Anadolu, coğrafi konumu ve bereketli topraklarıyla tarih boyunca sayısız medeniyete ev sahipliği yapmış bir kavşak noktasıdır. Bu topraklarda kurulan uygarlıklar, sadece kendi dönemlerine değil, insanlık tarihine de silinmez izler bırakmıştır. Gelin, bu kadim toprakların beş büyük halkını daha yakından tanıyalım.
Anadolu'da kurulan ilk büyük devlet olan Hititler, başkent Hattuşaş (Çorum) ile merkezi bir krallık sistemi geliştirdiler. Tarihte bilinen ilk yazılı antlaşma olan Kadeş Antlaşması'nı (MÖ 1285) Mısırlılarla imzalayarak diplomasi tarihine adlarını yazdırdılar. Çok tanrılı bir dine inanan Hititler'in bin tanrılı panteonu vardı. Hukuk sistemleri oldukça gelişmişti ve cezalarda tazminat prensibi ön plandaydı. Çivi yazısı ve hiyeroglif olmak üzere iki tür yazı kullandılar.
Balkanlar'dan gelerek Ankara, Eskişehir, Afyon çevresine yerleşen Frigler, başkent Gordion'da hüküm sürdüler. En meşhur kralları, efsaneye göre düğümü kılıçla kesen Kral Midas'tır. Tarım onlar için o kadar kutsaldı ki, bir saban kıranın cezası ölümdü. "Fibula" adı verilen çengelli iğneleri ve geometrik desenli dokumalarıyla ünlüdürler. Müzik ve enstrüman yapımında da oldukça ileriydiler.
Gediz ve Küçük Menderes nehirleri arasında (Manisa) kurulan Lidya Krallığı, tarihin en önemli ekonomik devrimlerinden birine imza attı: Parayı icat ettiler. Bu sayede takas sisteminden para ekonomisine geçiş, ticari hayatı inanılmaz hızlandırdı. Başkent Sardes'ten başlayan ünlü Kral Yolu, doğu-batı ticaretinin ana arteri haline geldi. Orduda ücretli askerleri tercih etmeleri, Pers istilası karşısında zayıf kalmalarına neden olmuştur.

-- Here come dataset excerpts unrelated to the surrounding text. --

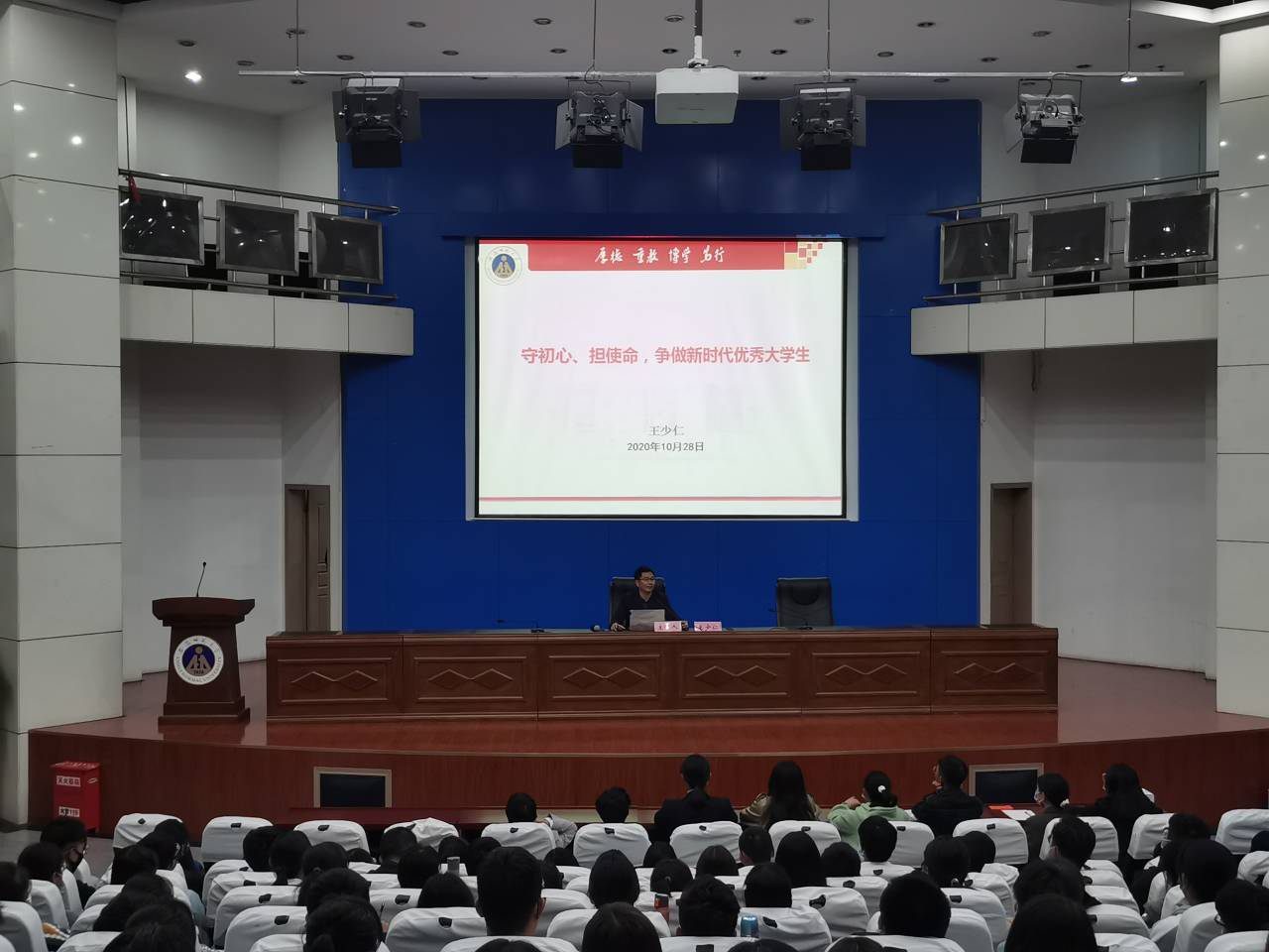 王少仁围绕“守初心、担使命,争做新时代优秀大学生”的主题开展,他结合自身的学习和工作经历,提醒2020级新生们要学会通过多种途径转变和适应新的生活和学习环境,并告诫同学们要珍惜当下,努力奋进,德法兼修,将“崇德修身”作为做人做事的第一原则;珍惜缘分,妥善处理好与同学、辅导员、学校之间的关系,在今后的四年大学生活中解决好学习道路上三个根本问题:“学什么、怎么学、学得怎样”。
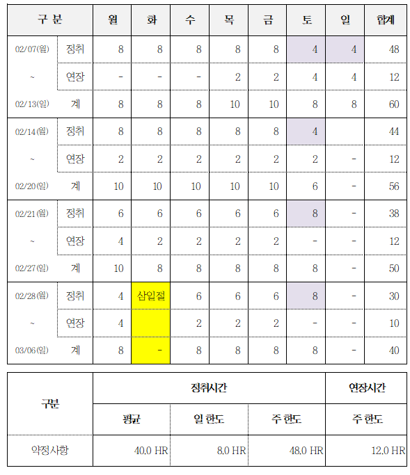 이 표는 3/1일에 근무를 안한다고 가정하고 평균 소정근로시간을 40시간으로 맞췄습니다
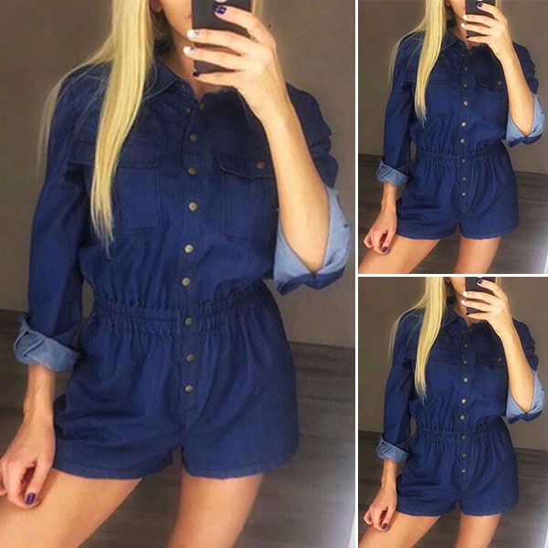 It is a good way to update your daily look with this denim romper. It is finished with long sleeve and POLO
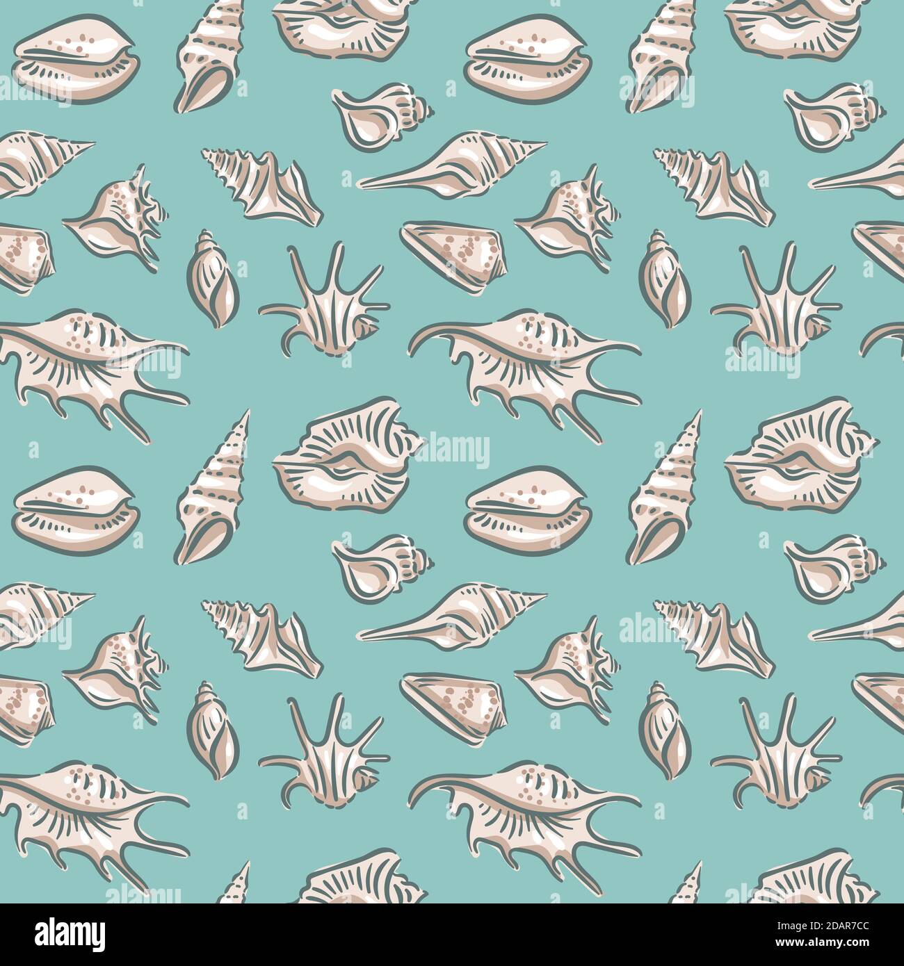 Sea shells pattern. Mollusks background. Tropical underwater shells ...
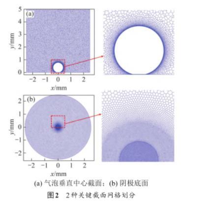 圖1所示為局部放大顯示的微電極表面單個氫氣泡生長示意圖。本文模擬設(shè)計的氣泡半徑Rb和氣泡接觸半徑Rc來源于恒電流密度為5 A/cm2條件下的氣泡幾何尺寸實驗,定義氣泡弧長從氣泡接觸點開始到氣泡頂點結(jié)束(圖1中深藍(lán)色弧線),氣泡接觸角為θ,氣液界面圓周角度為φ(φ≥θ)。計算區(qū)域的氣泡底部微液層為圓柱結(jié)構(gòu),微液層底部直徑與微電極直徑相同。為簡化求解,本文設(shè)計氣泡底部平均微液層厚度為5μm。在實際電解過程中,氣液界面和氣泡底部微液層區(qū)域的物理場參數(shù)變化較大,為保證計算結(jié)果的準(zhǔn)確性,需要對這2個區(qū)域進行網(wǎng)格加密處理。圖2所示為三維圓柱模型中的氣泡垂直中心截面和陰極底部面的網(wǎng)格劃分和加密處理情況,從圖2可見:氣液界面和氣泡底部微液層區(qū)域的網(wǎng)格非常小,氣液界面最小網(wǎng)格尺寸為1.2μm,氣泡底部微液層最小網(wǎng)格尺寸為0.5μm。
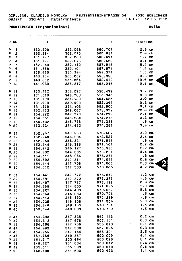 Oschatz, Amtsfronfeste. Koordinatenliste der ersten 50 Meßpunkte. In der rechten Spalte Angabe der Meßgenauigkeit. Ziffer "1": Fehlmessungen. Ziffer "2": Exakte Messung.
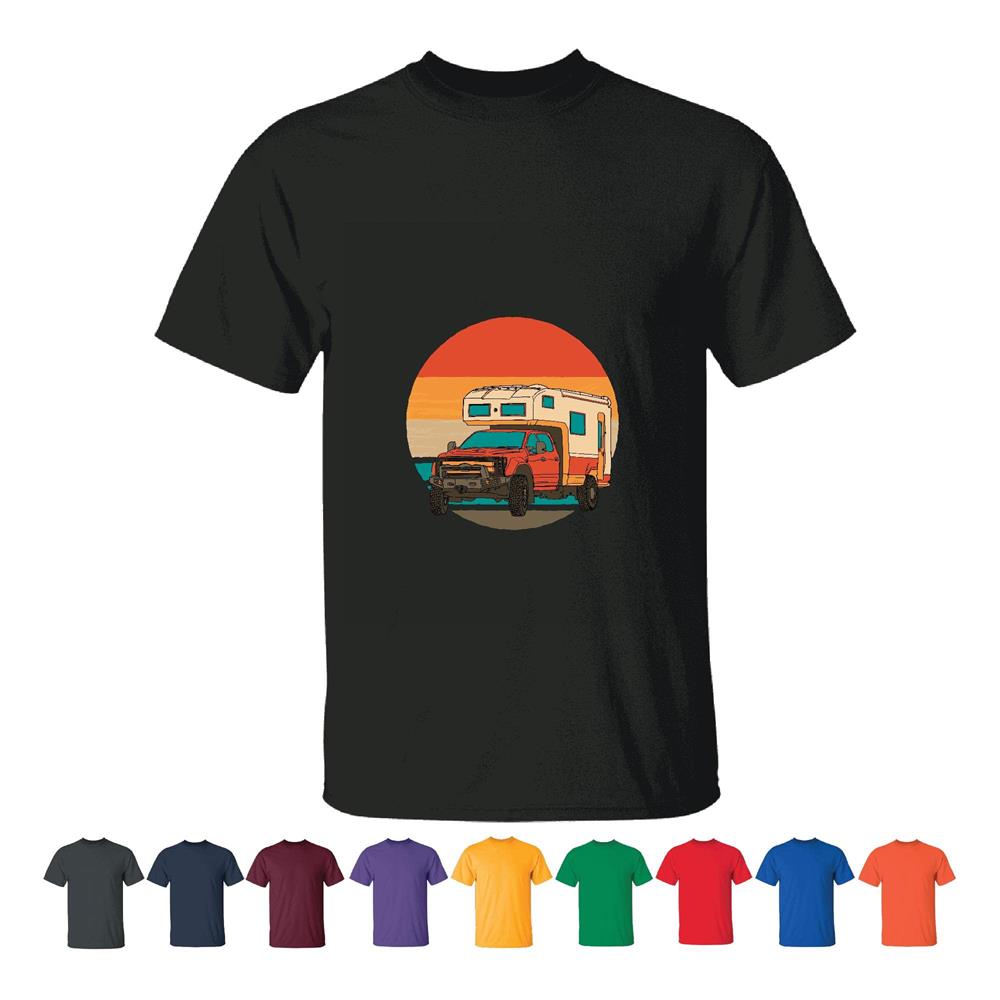 Retro Sunset Offroad Camper Van Gift for Camping Enthusiasts Men Women Black T shirt
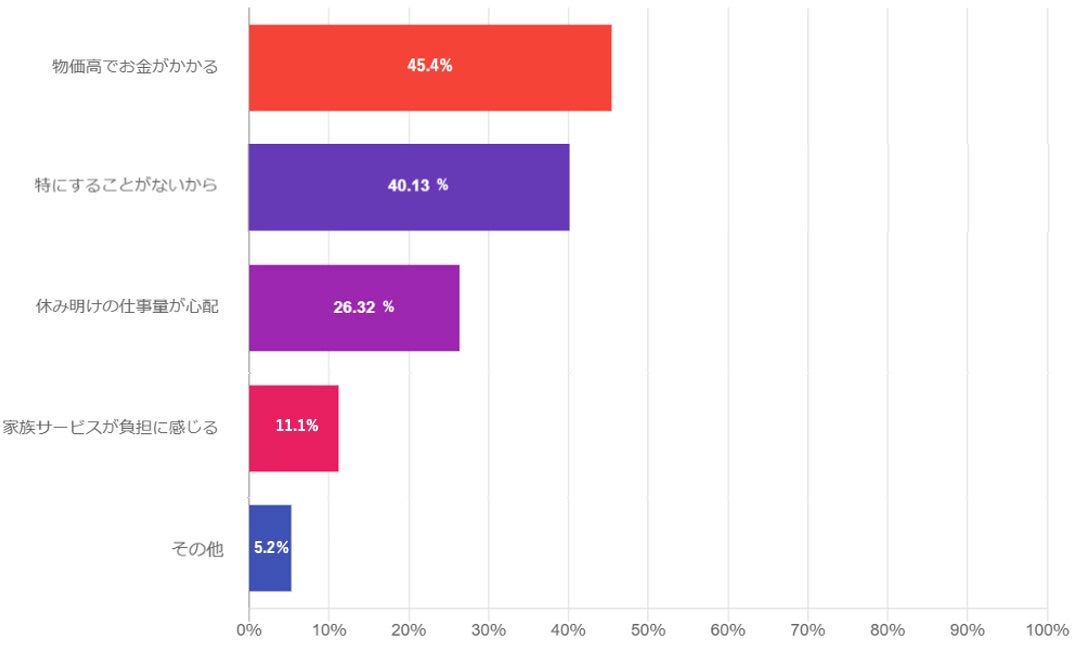 GWにかける予算を聞いたところ、「特別な予算はかけない」が45.7%と最多。主な予定も「自宅でのんびり過ごす」が53.4%、「近場への外出」が37.0%など、全体的に節約傾向が伺えました。あわせて、“長期休暇があることで仕事へのプラスの影響はあると思いますか”の質問に「あまり思わない」「思わない」「どちらとも言えない」と回答した人が挙げた理由で最多だったのが「物価高でお金がかかる」の45.4%でした。
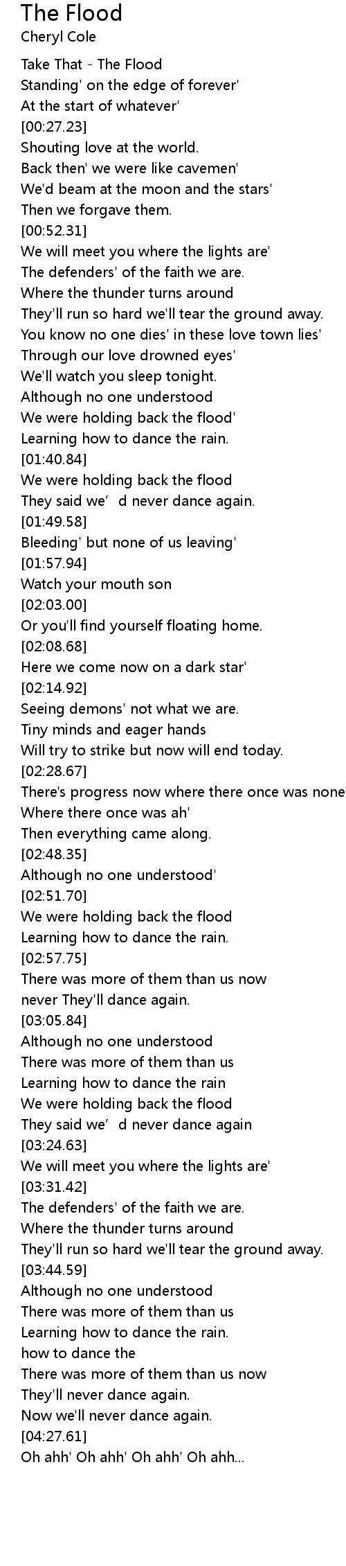 | [00:02.08] | Take That The Flood |
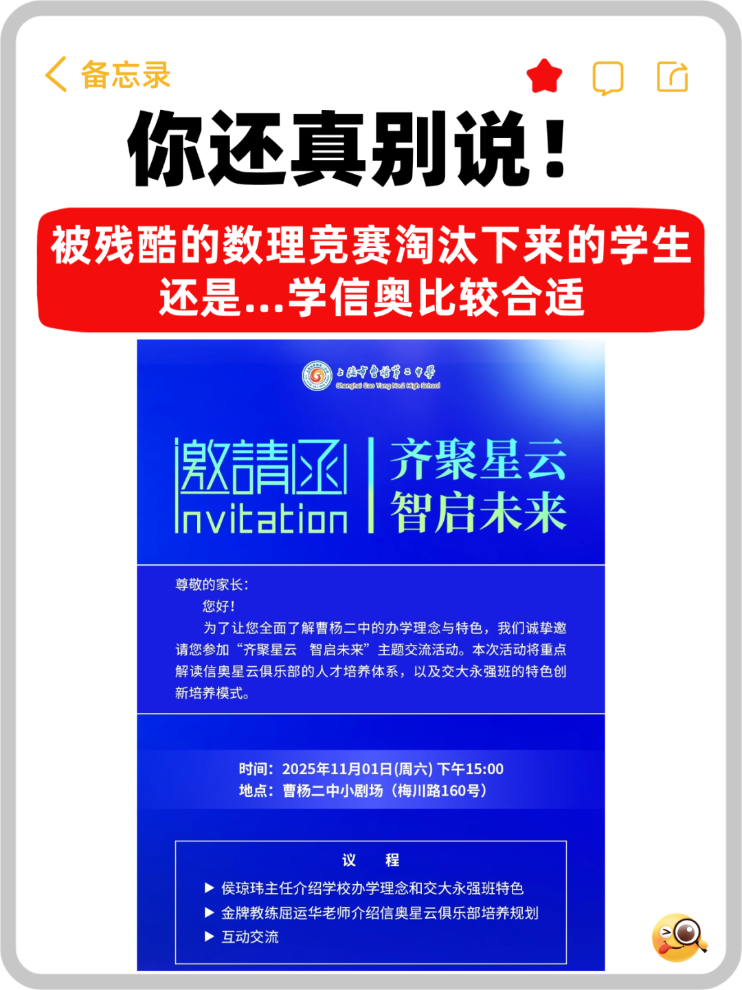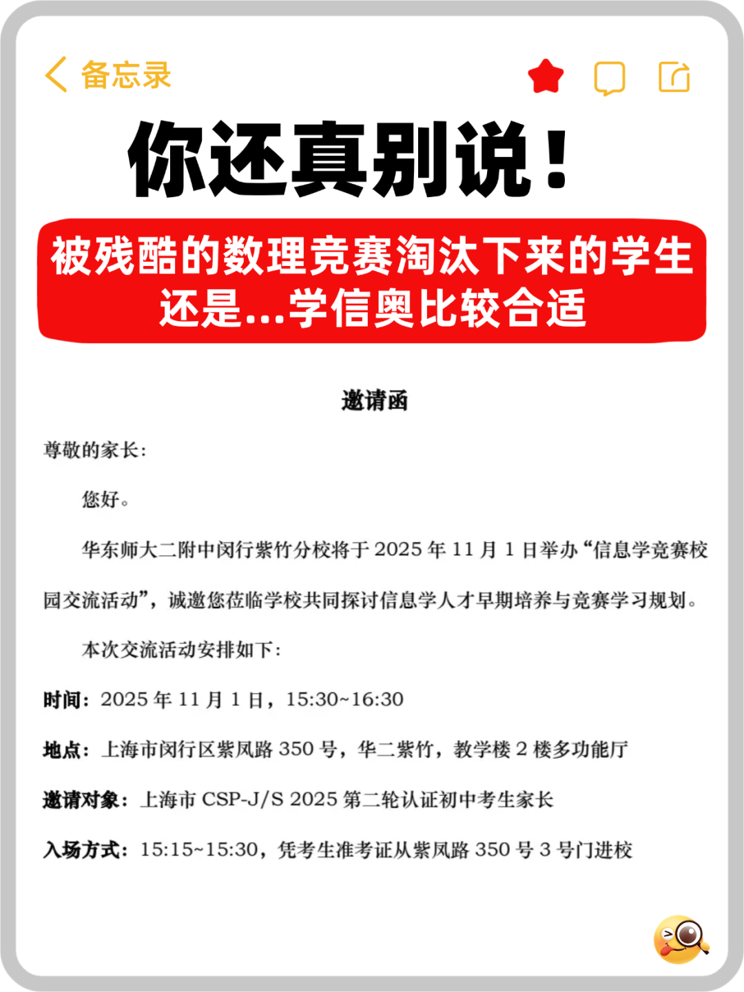 ②选拔标准“隐性提高”:学校会在现有的笔试、面试基础上,更看重娃的学科竞赛背景、综合素养、学术潜力。
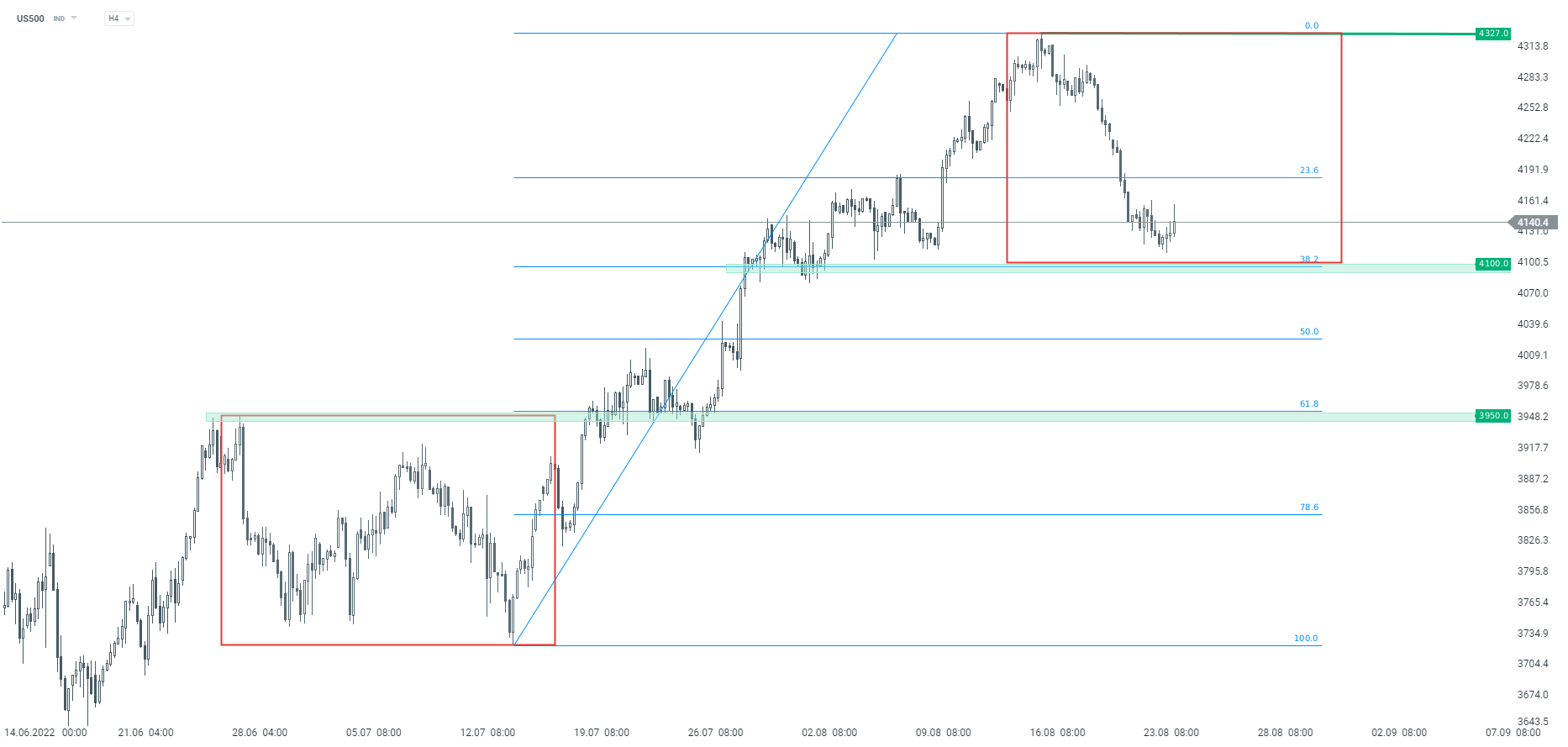 US500 próbuje wyhamowywać spadki, niemniej na ostatniej świecy H4 buduje się spory cień górny, co może prowadzić do pogłębienia przeceny w kierunku wsparcia przy 4100 pkt. Poziom ten pozostaje kluczowy w krótkim terminie, a jego zanegowanie może doprowadzić do przyspieszenia ruchu w dół. Źródło: xStation5

Ege kıyılarında (İzmir, Aydın, Muğla) şehir devletleri (polis) halinde yaşayan İyonlar, denizci ve tüccar bir toplumdu. Özgür düşünce ortamı, bilim, felsefe ve sanatta inanılmaz ilerlemeler kaydetmelerini sağladı. Tarihin ilk filozofu Thales, tarihçisi Heredot ve şairi Homeros İyonya topraklarında yetişti. Mimarlıkta İon nizamını geliştirdiler ve tapınaklarıyla ünlendiler.
Van Gölü ve çevresinde, merkezi Tuşpa (Van Kalesi) olan güçlü bir krallık kurdular. Sarp kayalıklara oydukları kaleleri, su kanalları ve barajlarıyla mühendislikte çok ileriydiler. "Anal" adı verilen yıllıklar tutarak yaptıkları işleri kayıt altına aldılar. Maden işleme, özellikle de bronz döküm sanatında ustaydılar. Askeri bir toplum olan Urartular, sürekli olarak Asurlular'la mücadele etmişlerdir.
Bu beş büyük uygarlık, Anadolu'nun mozaiğini oluşturan renkli taşlardan yalnızca birkaçıdır. Her biri, kendi alanında (hukuk, ekonomi, bilim, mühendislik, sanat) insanlığın ilerlemesine katkıda bulunmuş ve ardında, bugün hâlâ hayranlıkla incelediğimiz somut bir miras bırakmıştır. Anadolu tarihini anlamak, dünya tarihini anlamanın da anahtarıdır.